In the 1980s and 90s civil society, and civil society organizations (CSOs) came to be seen as key players in development; aid donors and INGOs like Oxfam increasingly sought them out as partners. So the current global crackdown on ‘civil society space’ is particularly worrying – a major pillar of development is under threat.
Ross Clarke (left) and Araddhya Mehtta (right) from from Oxfam’s Knowledge Hub on Governance and Citizenship have just put together an internal briefing on the problem, and what we should be doing about it (not published yet – there will be a public version at some point). Here they set out some of the background trends for anyone seeking to prevent or reverse the crackdown.
Trend 1: Changing nature of development financing and role of the state
As states become less dependent on western aid, they become less open to influence by western governments. [Developing Country] Governments are less tolerant of CSOs challenging ‘political capture’. In some contexts CSOs doing this are perceived as acting for the political opposition. Weak regulatory and accountability frameworks for civil society make CSOs vulnerable to this charge. Several governments exploit this vulnerability and use new regulations to restrict the space of civil society to debate or challenge their economic and political development agenda. Patterns are emerging where neighbouring states apply very similar legislation and tactics, learning from one another about how to control civil society space.

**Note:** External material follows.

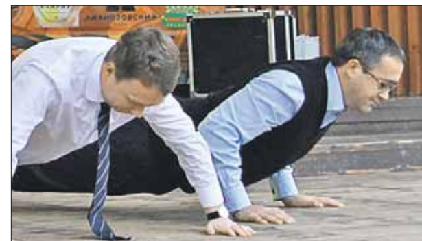
Гости дали старт празднику личным примером

В Лианозовском ПКЮ состоялся традиционный праздник спорта. В этот раз его посвятили 70-летию Великой Победы.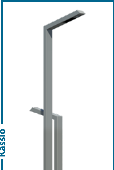
Propositions d'ensembles Suggestions for ensembles

The hard-fought gains of the 1990s and 2000s on civil society space and citizen participation are being reversed. In
2014, Freedom House Index recorded a decrease in freedom globally for the ninth consecutive year. When civil society criticises government policy or a private sector driven agenda, they are often labelled ‘anti-development’, ‘anti-national’, ‘politically motivated’ and even ‘against national security’. This rhetoric undermines both the legitimacy of many CSOs and their ability to operate. It further is generally coupled with a series of reforms to restrict civil society space and stifle public debate. Moreover, individuals and civil society groups are directly intimidated or violently harassed when taking on vested interests on land or natural resource investment or allocations.
Trend 2: Changing nature of insecurity
The rise of extremist groups, militarised responses to insurgency, conflicts in fragile states, and transnational crime, has led to a dominance of the security agenda. Some extremist groups have created shell CSOs to channel funding and governments use this to justify overly burdensome restrictions on all civil society groups. The security agenda’s dominance lends support to authoritarian regimes and weak democratic governments seeking to restrict civil society’s influence.
Trend 3: Changing nature of civil society organisations
As the rights-based approach gained prominence in the 1990s-2000s, civil society organisations shifted their focus from service delivery to influencing policy. Yet as space to engage in policy and political reform decreases, CSOs are pushed to focus more on non-confrontational, service delivery work. Some countries even mandate the extent to which civil society must work on the provision of services and ‘hardware’.
With increased foreign funding for national CSOs comes increased scepticism of international CSOs and western donors. For example, in 2014, the Carnegie Endowment for International Peace reported that 50 countries place restrictions on overseas funding for NGOs. As a result, many CSOs, particularly those with rights-based mandates, have had their funds frozen or restricted. The backlash against rights-based advocacy organisations has meant that individuals and CSOs have been put on watch lists and are forced to go underground, creating an atmosphere of fear and self-censorship. This trend also has extremely violent consequences. During the first 10 months of 2014, 130 human rights defenders were killed.
Trend 4: Changing nature of information and communication technology (ICT)
The increasing prominence of ICT is a double-edged sword. It facilitates increased voice and citizen mobilisation in powerful new ways. However, it provides equally powerful tools to monitor and restrict the legitimate activities of civil society.
Social movements increasingly use technology to connect with and learn from each other. As the Arab Spring and recent uprisings in Brazil, Turkey and Ukraine demonstrate, citizens – particularly youth – are mobilising in stronger, more powerful ways.
The spread of ICTs has also led to new legislation regulating these new spaces, often amounting to severe restrictions on freedom of expression. Governments use data that citizens willingly put online to monitor them, and employ sophisticated surveillance technologies to track and target activists. A number of countries lost ground in Freedom House’s index due to state surveillance, restrictions on internet communications, and curbs on personal autonomy. In 2013, 92 writers, 50% of PEN International’s case list, were in prison or detention for using digital technologies.
Trend 5: Challenges with self regulation
Many of the CSOs started in the 1990s and 2000s boom years (and some existing ones) have weak governance and accountability structures, allowing some governments to question their legitimacy. CSOs need to accept their own shortcomings in this regard. In many cases, both international and national CSOs have been either unable or unwilling to meet basic reporting and administrative requirements. Many INGOs are further perceived – rightly or wrongly – as being more concerned with their own survival than the needs of their clients. Yet although reasonable regulation is legitimate, much bureaucratic oversight has become overly burdensome – a tool to obstruct and constrain dissenting voices rather than enhance accountability. Many CSOs are unable to cope with complex, changing procedures and struggle to obtain unrestricted funding required for effective, accountable organisations.